▶ _BRIEF_
Pictures are to be omitted. Output only the lines from the one containing "No, this is" through the end of the data, word for word.

Collected data:

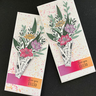 The slimline style card was inspired by the #TGIFC311 Sketch Challenge. I used all 5 of the new 2021-2023 In Colors, because I'm in-between homes at the moment and they were the few ink colors I brought with me. Same for my choice of stamp; all I packed were the Wrapped Bouquet and Butterfly Brilliance sets. Dimensions for this finished card are 3" x 6".
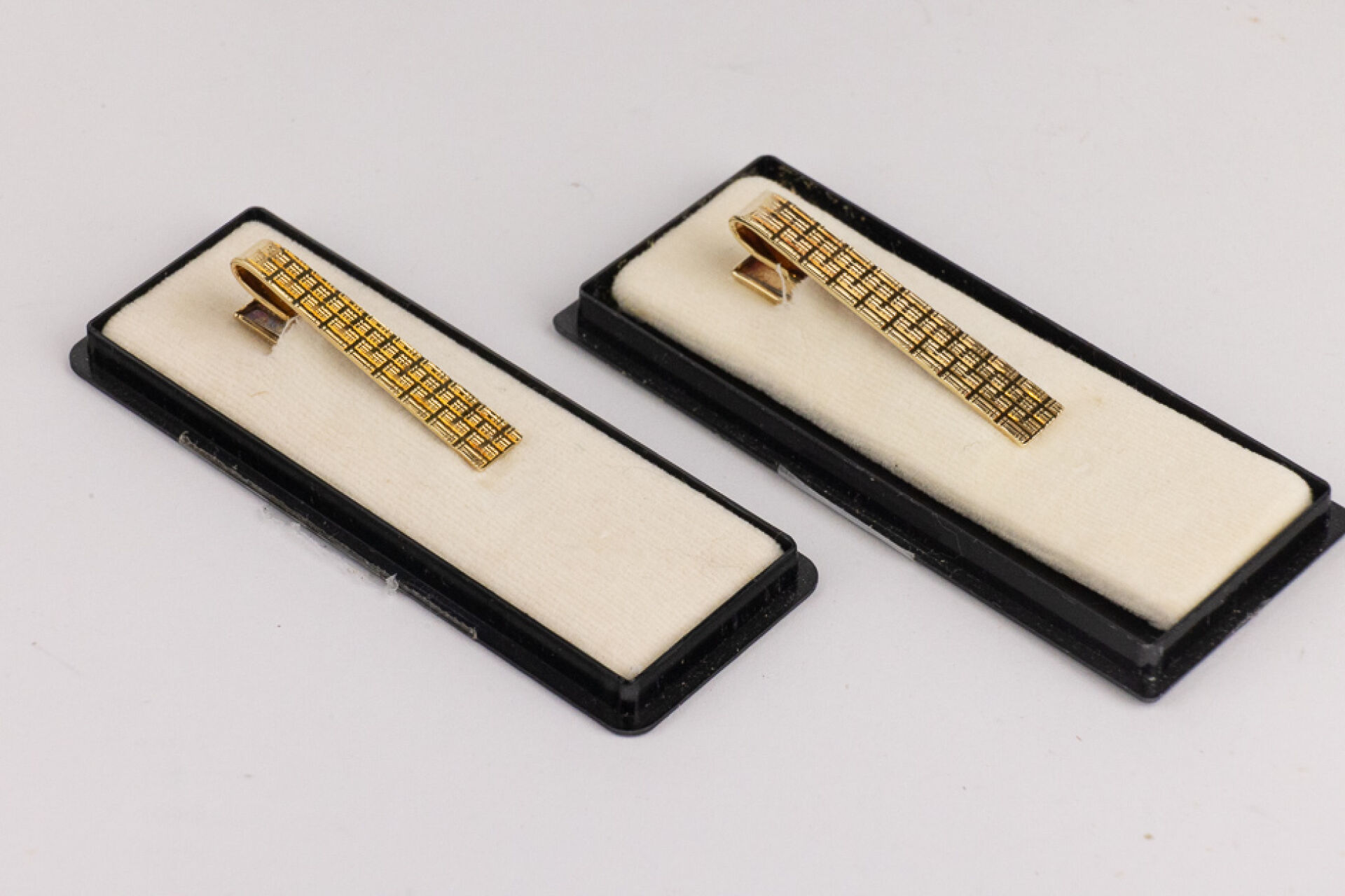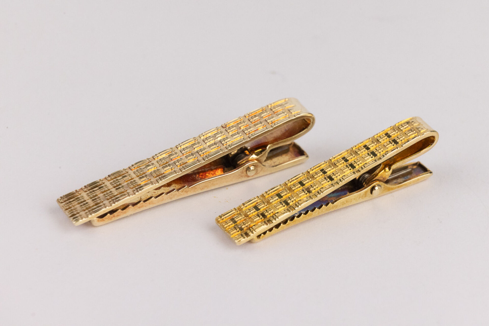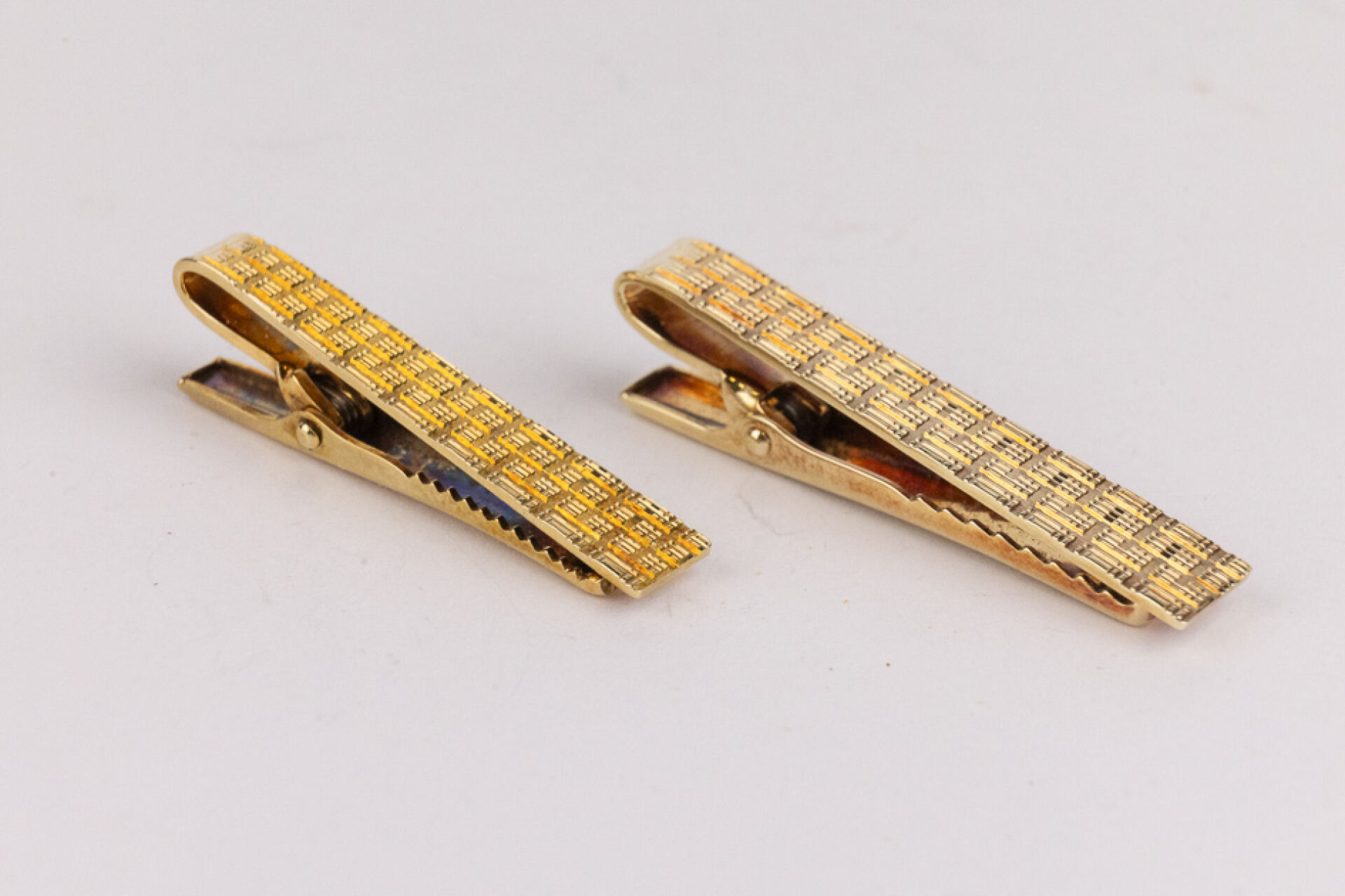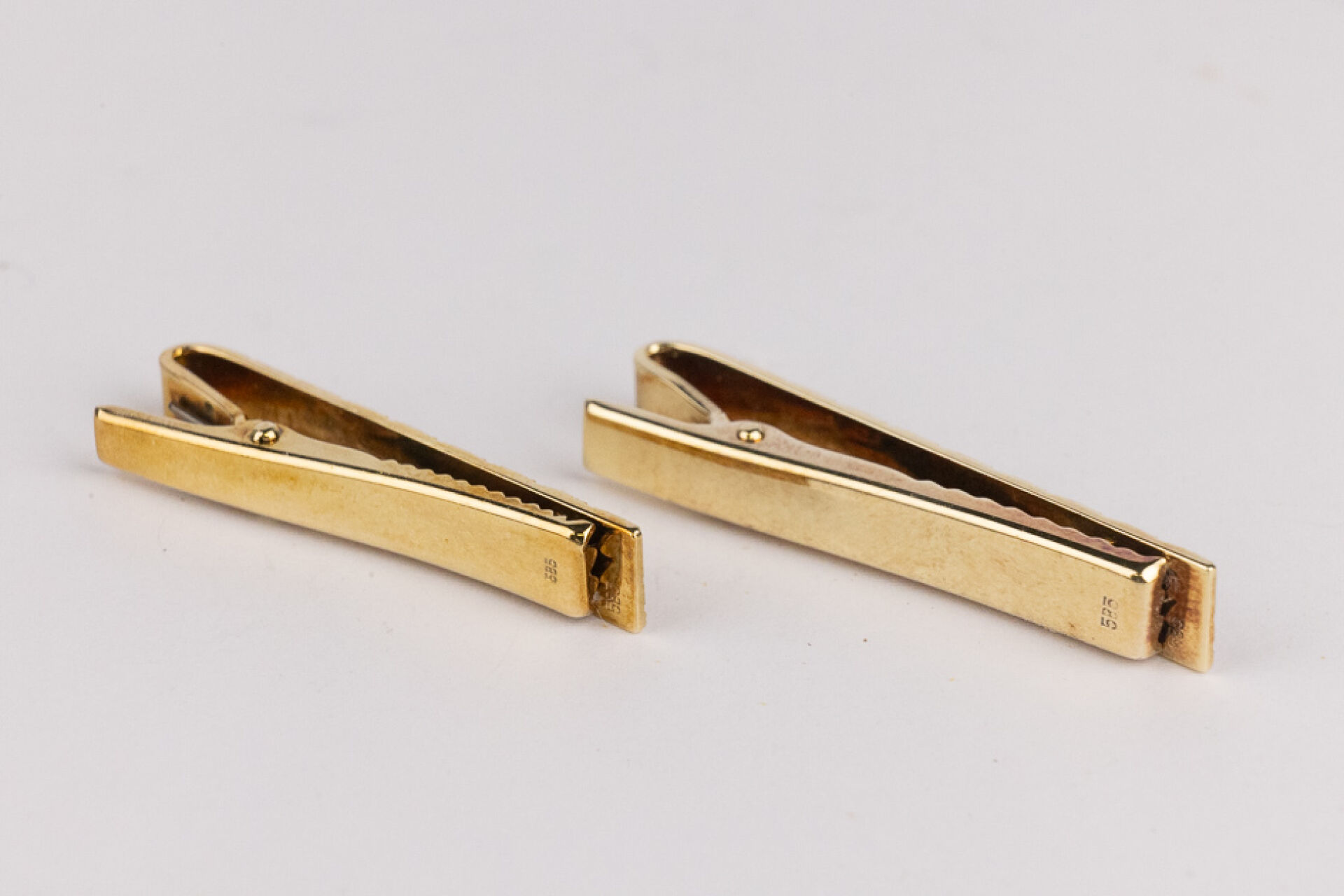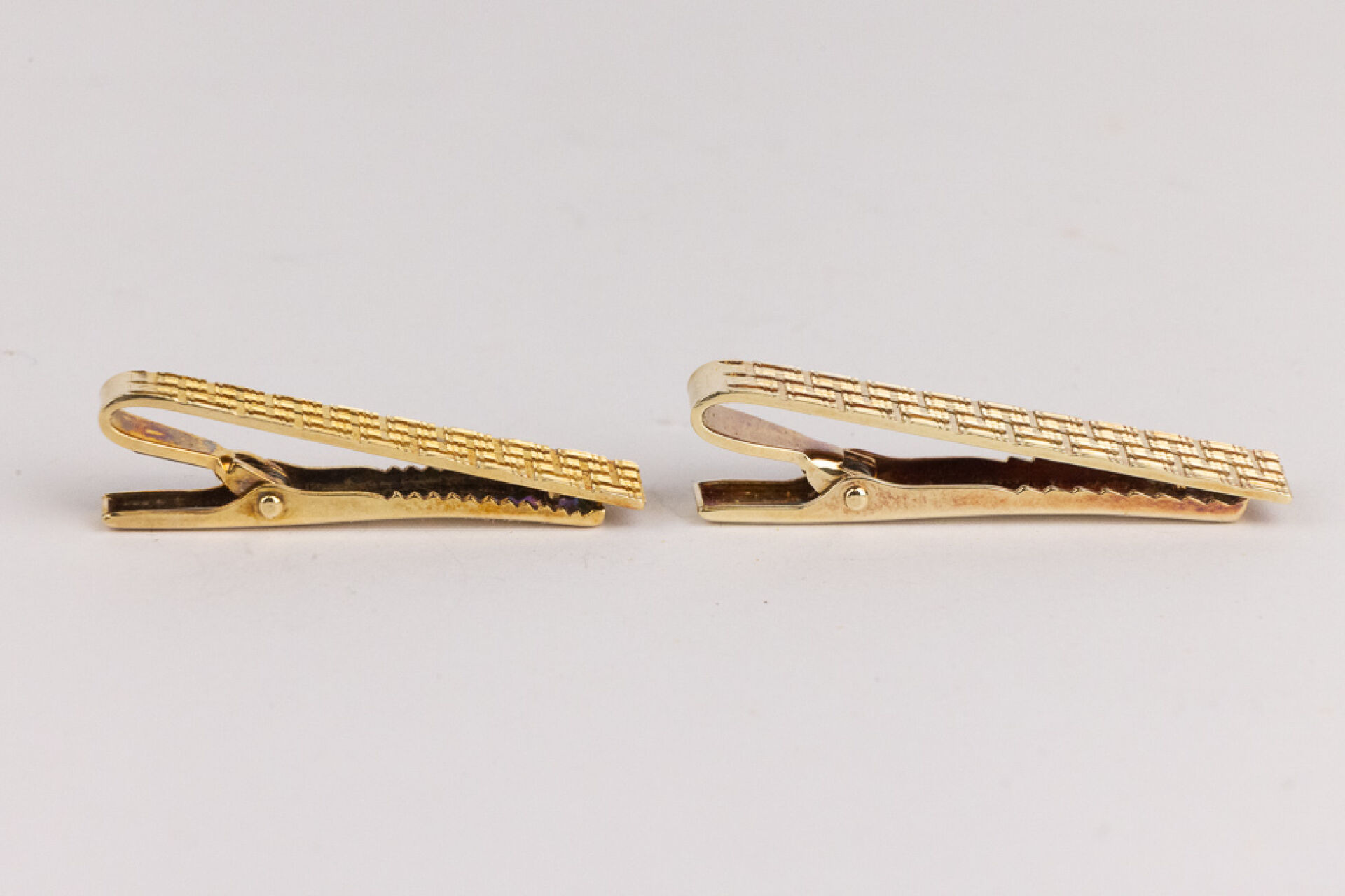 Lot comprenant deux pinces à cravate en or jaune 14k (585 millièmes) à décor géométriques. Poids : 12.41 gr
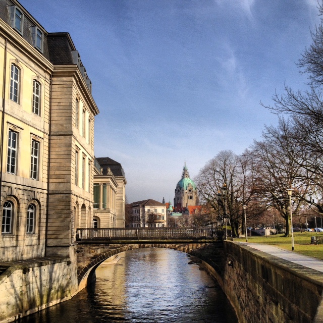 No, this is not Venice 🙂 This is the Leine Palace Bridge in Hannover, just around from the New Town Hall whose cupola you can see in the distance.
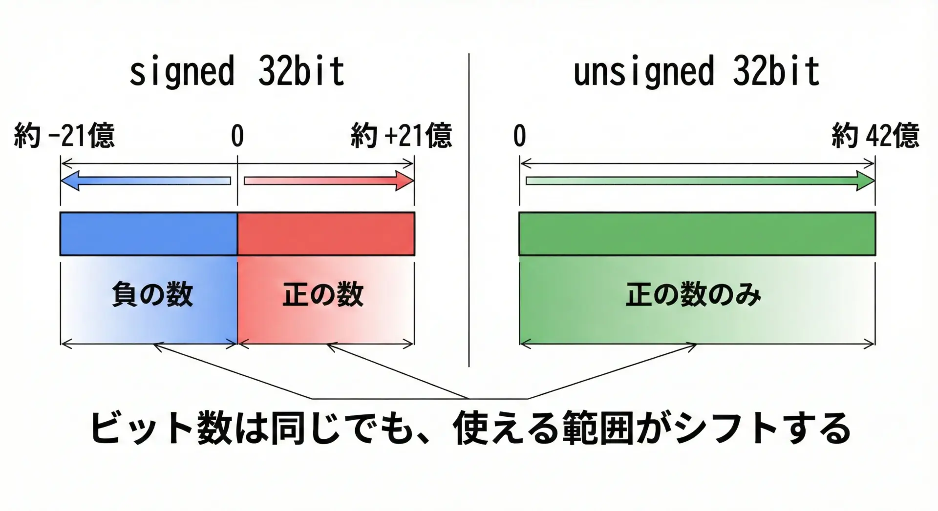 signedかunsignedかで、扱える範囲が大きく変わることも重要です。
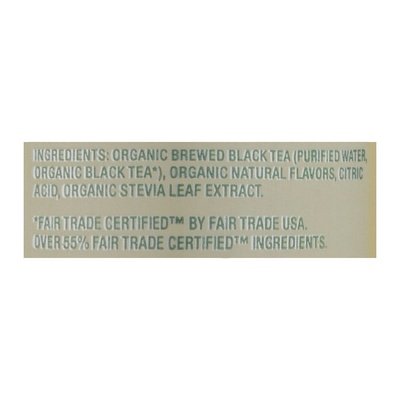 Naturally flavored. Organic. USDA Organic. Certified Organic by QAI. No sugar. Certified Gluten free. Vegan. Zero calories. Caffeine: 45 mg / 12 fl oz. Non GMO project verified. nongmoproject.org. www.zevia.com. Fair Trade Certified tea. Please recycle. Product of USA.
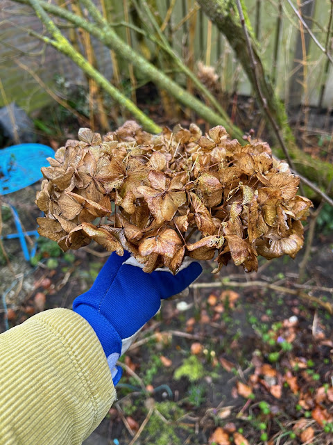 Pääsin myös raivaamaan pihaa. Pelkät katkaistut saniaisten oksat ja hortensian kukinnot täyttivät koko kompostisäiliön. Eivät mahtuneet syksyn lehdet enää. Otan ne sitten ensi viikolla. Toivottavasti silloin olisi kuiva sää, koska nyt oli tullut sadekuuro päältä ja lehdet olisivatkin olleet ällön märkiä. Jo hortensian katkonnasta nahkahanskat tulivat limaisen litimäriksi.
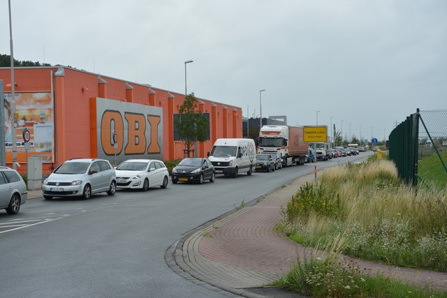 Von dort geht es weiter durch Praest und Vrasselt. Hier kann es dann in Vrasselt schon zum ersten Stau kommen. Vor allem dann, wenn man an der Duisburger Straße rechts abbiegen will, um wieder in Richtung Autobahn zu gelangen. Teilweise ging da für Minuten überhaupt nichts mehr. Stoßstange an Stoßstange reihte sich die Blechlawine die Straße entlang. Dann, für kurze Zeit, bewegte sich etwas. Ein paar Autos kamen ein paar Meter weit, dann der nächste Stillstand.
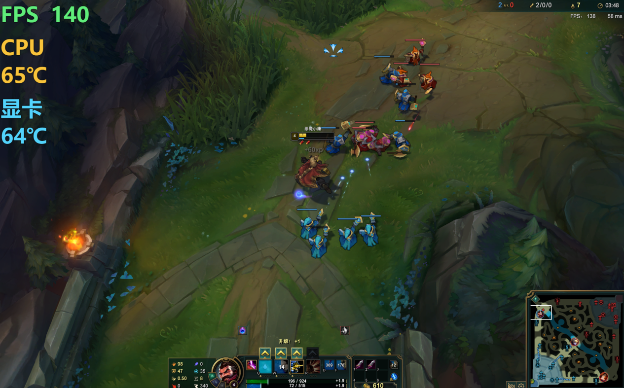 i7-1185G7 后面这个 G7 意味着它搭载了 96EU 的满血核显,配合双通道 4266 内存可以达到不错的性能,因此在工作之余,想要玩玩常规网游还是没有任何问题的,在《英雄联盟》中,可以轻松运行在 1920*1200 分辨率和极高特效下,对线帧数一直维持在 140 帧上下,跑满 120Hz 屏幕不成问题,体验很棒。
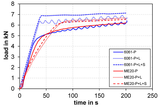 Load vs. time curves of AA6061 and ME20 alloys obtained after various combinations of auto-tuning.
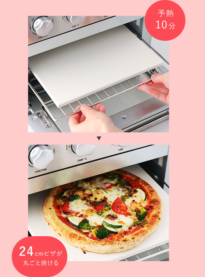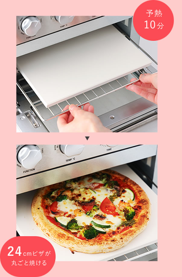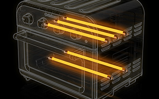 天面の大型ファンにより熱風が庫内と対流し、熱を均一に保ち、上下に配置された5本のヒーターで焼ムラのない仕上がりに。スチームで水分をを補い、カリッもち食感。

▶ _REPLY_
 No, this is not Venice 🙂 This is the Leine Palace Bridge in Hannover, just around from the New Town Hall whose cupola you can see in the distance.
 signedかunsignedかで、扱える範囲が大きく変わることも重要です。
 Naturally flavored. Organic. USDA Organic. Certified Organic by QAI. No sugar. Certified Gluten free. Vegan. Zero calories. Caffeine: 45 mg / 12 fl oz. Non GMO project verified. nongmoproject.org. www.zevia.com. Fair Trade Certified tea. Please recycle. Product of USA.
 Pääsin myös raivaamaan pihaa. Pelkät katkaistut saniaisten oksat ja hortensian kukinnot täyttivät koko kompostisäiliön. Eivät mahtuneet syksyn lehdet enää. Otan ne sitten ensi viikolla. Toivottavasti silloin olisi kuiva sää, koska nyt oli tullut sadekuuro päältä ja lehdet olisivatkin olleet ällön märkiä. Jo hortensian katkonnasta nahkahanskat tulivat limaisen litimäriksi.
 Von dort geht es weiter durch Praest und Vrasselt. Hier kann es dann in Vrasselt schon zum ersten Stau kommen. Vor allem dann, wenn man an der Duisburger Straße rechts abbiegen will, um wieder in Richtung Autobahn zu gelangen. Teilweise ging da für Minuten überhaupt nichts mehr. Stoßstange an Stoßstange reihte sich die Blechlawine die Straße entlang. Dann, für kurze Zeit, bewegte sich etwas. Ein paar Autos kamen ein paar Meter weit, dann der nächste Stillstand.
 i7-1185G7 后面这个 G7 意味着它搭载了 96EU 的满血核显,配合双通道 4266 内存可以达到不错的性能,因此在工作之余,想要玩玩常规网游还是没有任何问题的,在《英雄联盟》中,可以轻松运行在 1920*1200 分辨率和极高特效下,对线帧数一直维持在 140 帧上下,跑满 120Hz 屏幕不成问题,体验很棒。
 Load vs. time curves of AA6061 and ME20 alloys obtained after various combinations of auto-tuning.
 天面の大型ファンにより熱風が庫内と対流し、熱を均一に保ち、上下に配置された5本のヒーターで焼ムラのない仕上がりに。スチームで水分をを補い、カリッもち食感。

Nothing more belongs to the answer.